MSG is a huge asset in low sodium diets. | 
07-30-2006, 08:57 AM
| | Registered User Culinary Experience: Cook At Home | | Join Date: Dec 2005 Location: Rochester, NY
Posts: 135
| | Msg I agree with Scott123. MSG (a soluble form of a naturally-occuring amino acid found, for example, in wheat) has gotten a bad rap because of its extensive overuse in prepared foods and bad Far Eastern cooking. It is one of the class of materials (that includes hydrolyzed vegetable proteins) that make up the Umami taste factor, the fifth taste sensation (along with salty, sour, bitter and sweet). Many oriental seasonings, like soy sauce, for example, get much of their flavor from HVPs produced during the brewing process. As a seasoning adjunct, no more than 1/8th to 1/4 teaspoon per four servings is appropriate. While it may be true that a small percentage of people do not tolerate HVPs well (so-called "Chinese Restaurant Syndrome", though recent studies cast doubt on MSG's role), that's largely when large quantities are used to try to disguise the absence of other natural flavors. I realize that amongst many cooks (at least western ones) these are heretical views, but I've experimented quite a bit in "blind" trials, even with cooks who grimace at the mention of MSG. (These were done with consent, of course.)

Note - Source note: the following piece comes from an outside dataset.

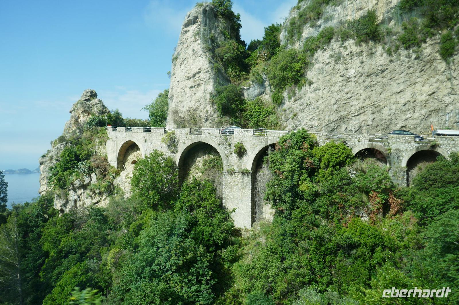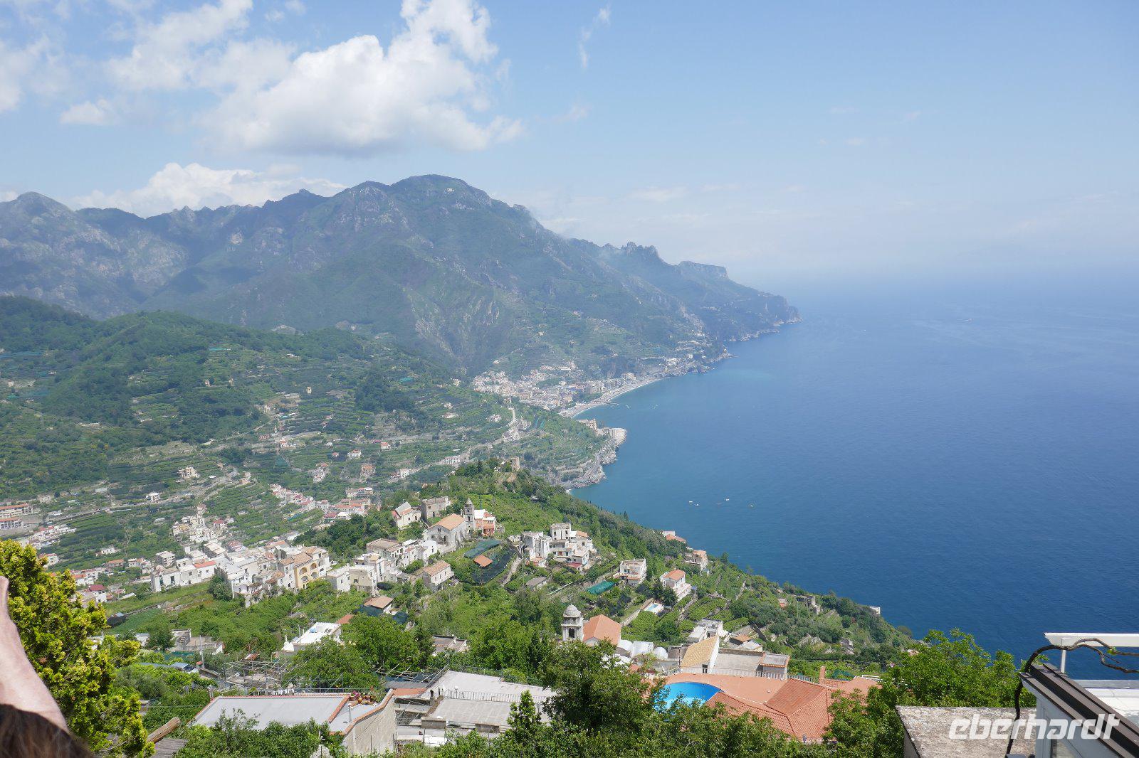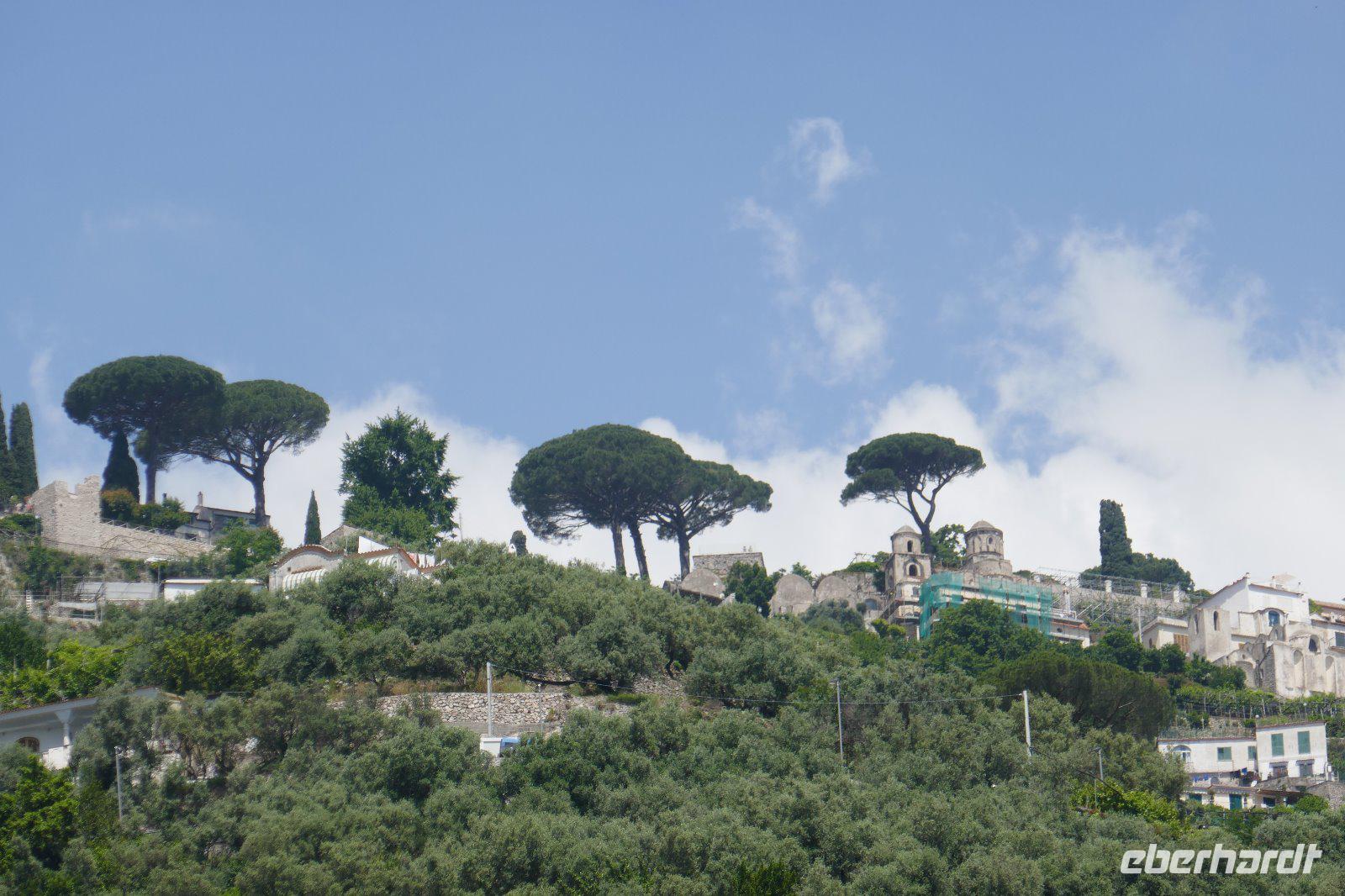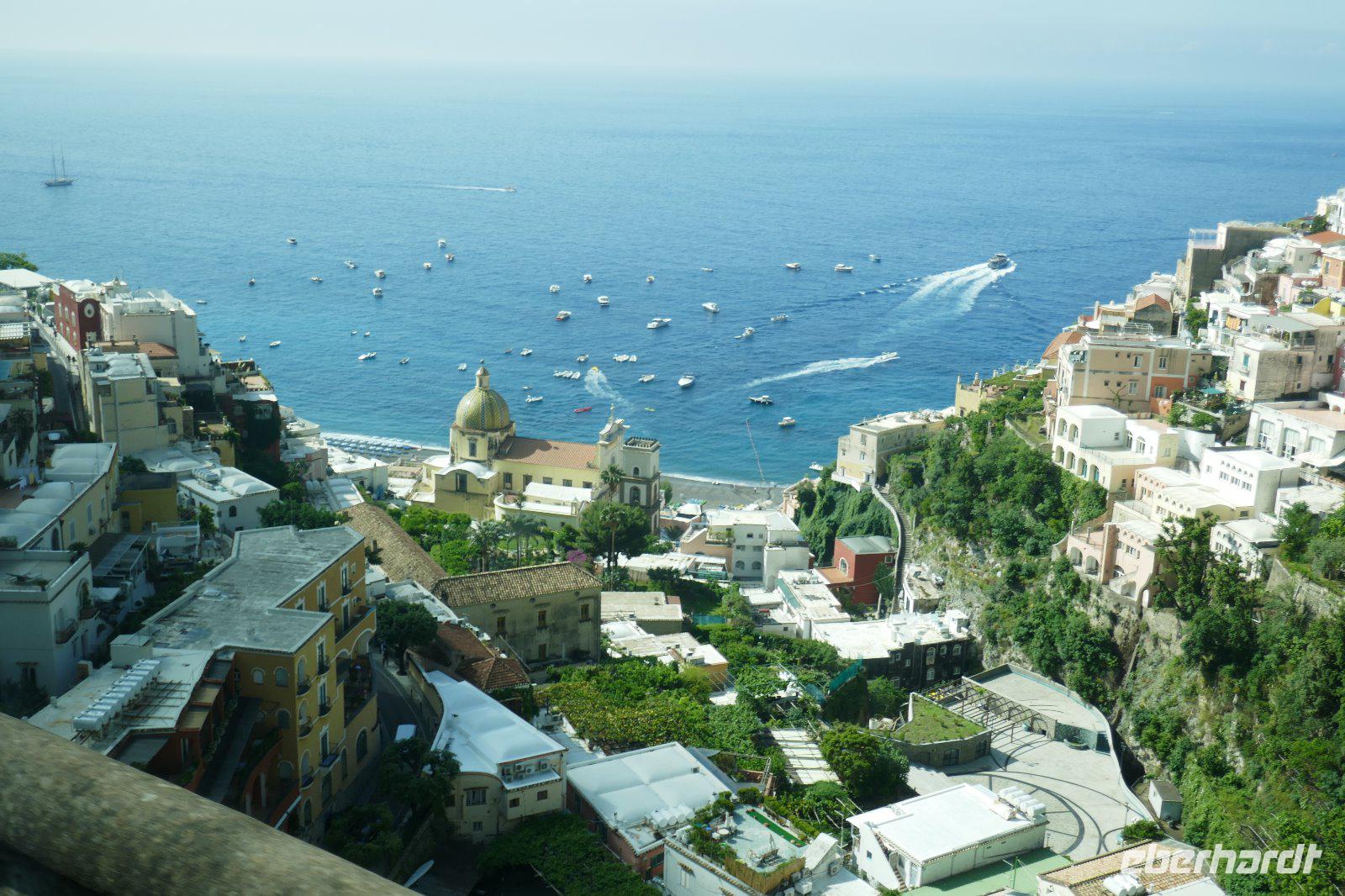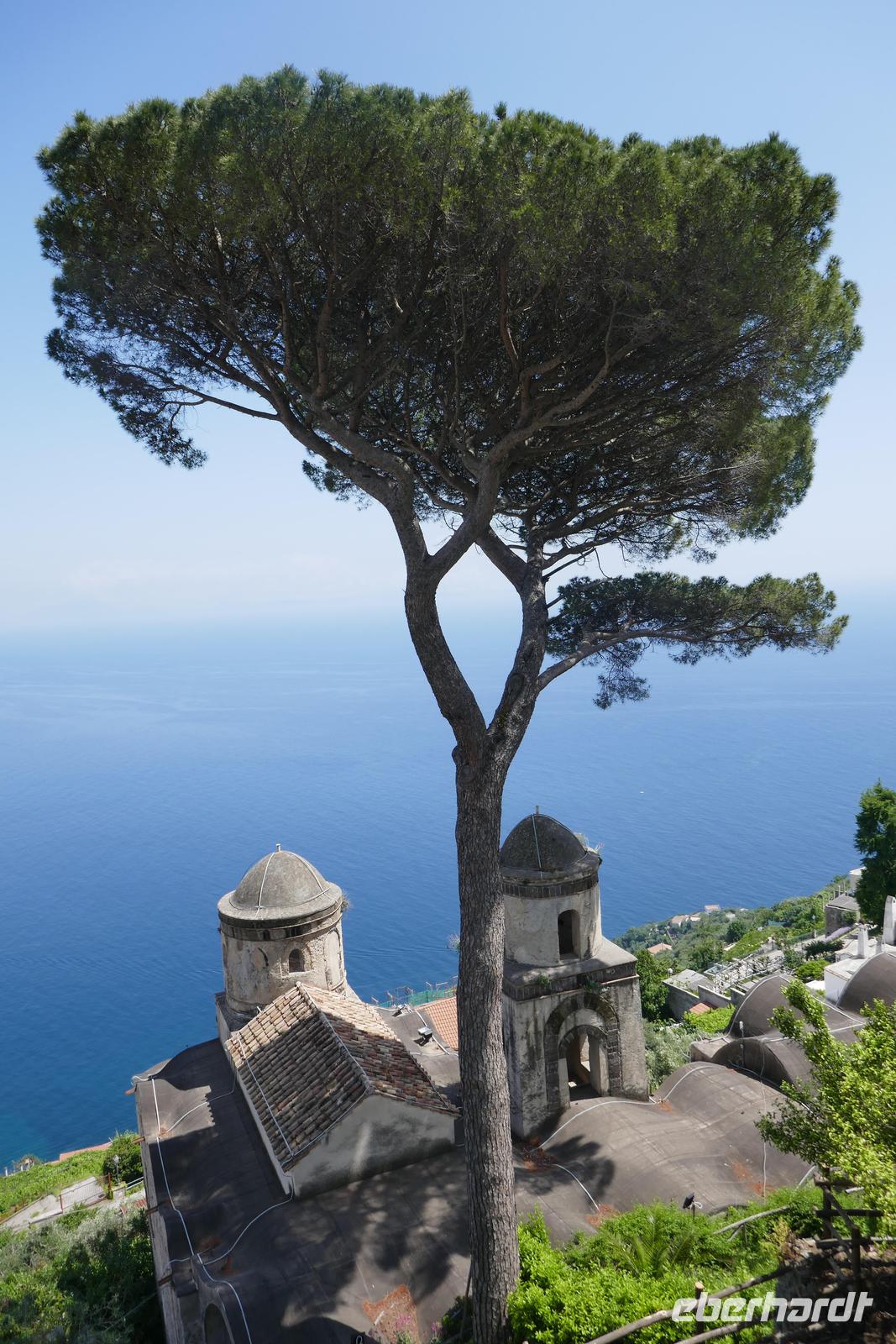 Die Amalfiküste, der Ort wo die Zitronen blühen, sei die schönste Küste der Welt. Unsere Gruppe wollte sich heute selbst ein Bild davon machen. Senkrecht aufragende Felswände am glitzernden Tyrrhenischen Meer. So stellte sich uns dieser Ort vor. Man hatte das Gefühl zwischen Himmel und dem Abgrund zu sein. Hier wurde in abenteuerlicher Weise eine der schönsten Küstenstraßen gebaut. An jeder Ecke ein interessantes Fotomotiv. Und einige der schönsten Dörfer Italiens scheinen fast wie an den Felsabhängen zu kleben. In der Nähe von Positano war unser erster Stopp. Schon John Steinbeck nannte ihn „der einzige senkrechte Ort der Welt". Alle steilen Gassen laufen auf den kleinen Strand zu. Kurve für Kurve, Serpentine für Serpentine steuerten wir unser nächstes Ziel Amalfi an. Nun wird dem letzten Bewusst, warum man hier nur mit einem einheimischen Busfahrer unterwegs sein kann. Geübt und mit der nötigen Gelassenheit umfährt er jede noch so kleine „Klippe". Ob Tourist mit Wagen oder der sonstige Gegenverkehr ist für unseren italienischen Fahrer kein Problem. Im Gegensatz zu Positano bietet Amalfi einen majestätischen Dom. Mit seiner pittoresk-bunten Fassade - ein kunstgeschichtliches Highlight - manifestiert er die Seerepublik Amalfis aus dem 11. Jahrhundert. Doch vorher erlebten wir die atemberaubende Küste wie sie die Seefahrer vom Wasser aus erleben. So manche Villa prominenter Persönlichkeiten konnte vom Boot aus ausgemacht werden. Am Ende hatte jeder auf seine Weise Gelegenheit diesen Ort zu entdecken. So mancher stellte auch fest, dass Schönheit seinen Preis hat. Über viele Kurven ging es übers Gebirge zum Ort Ravello. Ravello war berühmt für seine vielen Adelsfamilien, die dort lebten. So auch die Familie Rufolo, die im 12. Jh. auf einem Felsvorsprung die gleichnamige Villa errichten ließ. Im 19. Jh. wurde diese Villa durch einen Schotten zu neuem Leben erweckt. Wagner war hier im Garten und die Schönheit des Gartens und der Blick aufs Meer inspirierten ihn für das Bühnenbild 2. Akt des Parzivals (Klingsors Zaubergarten). Wer wollte konnte auf einem kleinen Rundgang diese besuchen oder den Ort genießen. Mit Bildern einer traumhaften Landschaft kehrten wir zum Hotel zurück.

My earlier post was only to note that there are other, often hidden sources of sodium in foods, not to condemn MSG outright. That said, far too many prepared foods are guilty of using MSG or its lesser known relatives (disodium inosinate and disodium guanylate) in large quantities to hide the fact that there's not much else there besides salt. | 
07-30-2006, 10:31 AM
| | Registered User Culinary Experience: Culinary Instructor | | Join Date: Dec 2003 Location: Morristown, NJ
Posts: 330
| | Well said, Jon.
MSG (or any of the names it goes by) on a prepared food label - beware.